El comandante Ríos llevaba varios minutos observando fijamente el farol de la calle Cruzadas. No desvió la vista ni siquiera cuando la luz comenzó a parpadear; pensaba en lo frágil que puede ser la vida de un policía, cómo puede terminar en un chasquido.


Cuando captó la intermitencia del farol y poco después vio que se extendía progresivamente hacia el resto de las casas, supo que nada estaría bien. Entonces recibió un aviso por el intercomunicador: “Comisaría de Policía a Comandante Ríos. Se están reportando distintos casos de agresiones en varias zonas de Valle Negro. Pasen a la Comisaría a recoger su equipo y prepárense para acudir”.


En casi completa oscuridad, el comandante se quedó atónito, con un sudor frío que recorría su frente. No sabía cómo actuar. A sus 61 años, a muy poco de retirarse, perdió práctica en combatir a las presencias extrañas. Y él sabía que se trataba de eso.


Su escuadra salió de la cafetería a toda prisa, y sin que él dijera nada se montaron a la patrulla y supieron que irían en dirección a la comisaría. Ahí guardaban todas las armas, las municiones y el equipo de protección. Sin eso, estarían perdidos.


Recorrieron a toda velocidad las calles que separaban la cafetería de la pequeña comisaría. Todos iban callados, a diferencia de cuando iban rumbo a la cafetería, que no podían dejar de hablar y comenzaban a desesperar al comandante. En ese momento, él hubiera deseado que siguieran hablando.
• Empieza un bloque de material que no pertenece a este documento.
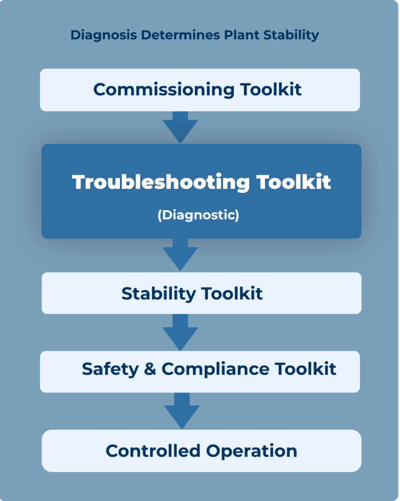 A structured engineering system to diagnose, stabilize, and resolve real plant problems — not symptoms.

Llegaron a la comisaría y estacionaron la patrulla por la parte de atrás. Salieron todos muy silenciosos, con movimientos suaves, y se pararon en fila. El ambiente estaba muy tranquilo, pero hacía mucho viento. Los árboles se precipitaban unos sobre otros como péndulos, bajo una noche espectral que enmarcaba todo como en un aura de misterio. Se enfilaron los cuatro policías detrás del comandante, que abrió la puerta trasera muy despacio, produciendo apenas un leve chirrido.


Entró casi de puntillas. La oscuridad era absoluta dentro. Eso era un mal augurio. No se podía ver a más de un metro de distancia. Con una seña de mano, su escuadra lo siguió también con cautela. Al llegar al pasillo principal, el comandante concluyó que la comisaría se había vaciado repentinamente. Vio que en la recepción el intercomunicador seguía encendido. Pensó que la mejor estrategia era que se separaran, y que cada uno cubriera un pasillo diferente. Dio la señal, aclarando que si descubrían algo sospechoso, alertaran a los demás en seguida. Así, cada policía tomó un camino diferente y el viejo agente se perdió envuelto en la oscuridad.